The total removal of MHC I from the cell surface should have resulted in the chondrocyte-like cells’ immunogenicity reduced due to escaping recognition of the MHC I‒autopeptide complex by the CD8⁺ Т cells. However, our findings have shown that knocking out B2M is not enough to reduce immunogenicity of iPSC-derived chondrocytes. In all three of our experiments, the CD8⁺ Т cell immune response to the B2M-deficient chondrocyte-like cells was significantly higher than that to iPSCs. There are several mechanisms, which could underlie the CD8⁺ Т cell activation.
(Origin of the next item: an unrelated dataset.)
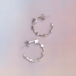 Shoot for the stars in our Starlight Hoop Earrings. This sleek silver pair is accented with a constellation of star charms for a little Milky Way magic. Hint: Wear it with our Celestial Malibu Bracelet for a totally lunar look.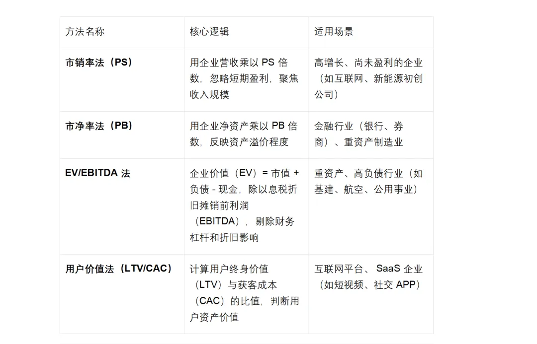 除三大核心体系外,部分行业或阶段有专属估值方法。

According to one of those, CD8⁺ Т cells were activated not due to direct interaction with the chondrocyte-like cells, but due to the fact that there were antigen-presenting cells (APCs) among PBMCs. As is known, the APCs are capable of presenting peptides of the absorbed particles in the context of MHC I and MHC II. To ensure activation of CD8⁺ Т cells (and, therefore, expression of CD69), it is enough to recognize a foreign peptide on the APC and, in some cases, receive costimulation from CD4⁺ Т cells [30, 31]. As for degranulation, it has been shown that CD8⁺ Т cells are capable of killing the tumor cells that have lost MHC I. Such an effect was achieved in the presence of APCs, regardless of NK cells. Recognition is accomplished via binding of the NKG2D T cell receptor with the ligands (NKG2DL) on the target cells, while killing occurs due to granzyme secretion [32]. At the same time, Bogomiakova et al. have shown that the iPS fibroblast derivatives express 1.5 times more NKG2D ligands on their surface than fibroblasts of a healthy human [14]. Thus, it can be assumed that the chondrocyte-like cells used in our experiment increased expression of the NKG2D ligands, which made them a potential target for both CD8⁺ Т cells and NK cells. Despite the fact that chondrocytes (and probably iPSC-derived chondrocytes) create the anti-inflammatory environment around them [20, 21], this is probably not an absolute guarantee of no immune response. It must be remembered that chondrocytes that have got into the pro-inflammatory environment (which is inevitable in case of the tissue-engineered cartilage graft transplantation) are capable of expressing MHC II [21]. Despite the fact that it has not been demonstrated in vitro for the iPSC-derived chondrocytes [27], no in vivo tests have been performed. That is why it is necessary to ensure the MHC II knockout in the iPSC-derived chondrocytes in order to avoid the CD4⁺ Т cell immune response. In addition, a number of studies demonstrate successful acquisition of hypoimmunogenic iPS derivatives due to knockout of MHC I, MHC II and CD47 hyperexpression aimed at regulating the NK cell response [11, 12]. These data, in total, leave the room for the possibility of the cartilage tissue graft improvement based on the differentiated iPSC derivatives.

CONCLUSIONS

The iPSC-derived chondrocytes obtained show the same low level of immunogenicity, as human chondrocytes, however, these cause a higher immune response compared to hypoimmunogenic iPSCs. On the one hand, this suggests that the chondrocytes obtained can be a potential source of product for treatment of the articular cartilage tissue, but on the other hand this study demonstrates potential risks associated with instability of tissue after editing and avoidance of the immune response in case of tumorgenesis. Thus, the B2M knockout is not a sufficient condition for immunogenicity of the prototypes obtained from such cells of the tissue, and the iPSC-derived chondrocytes require further modification.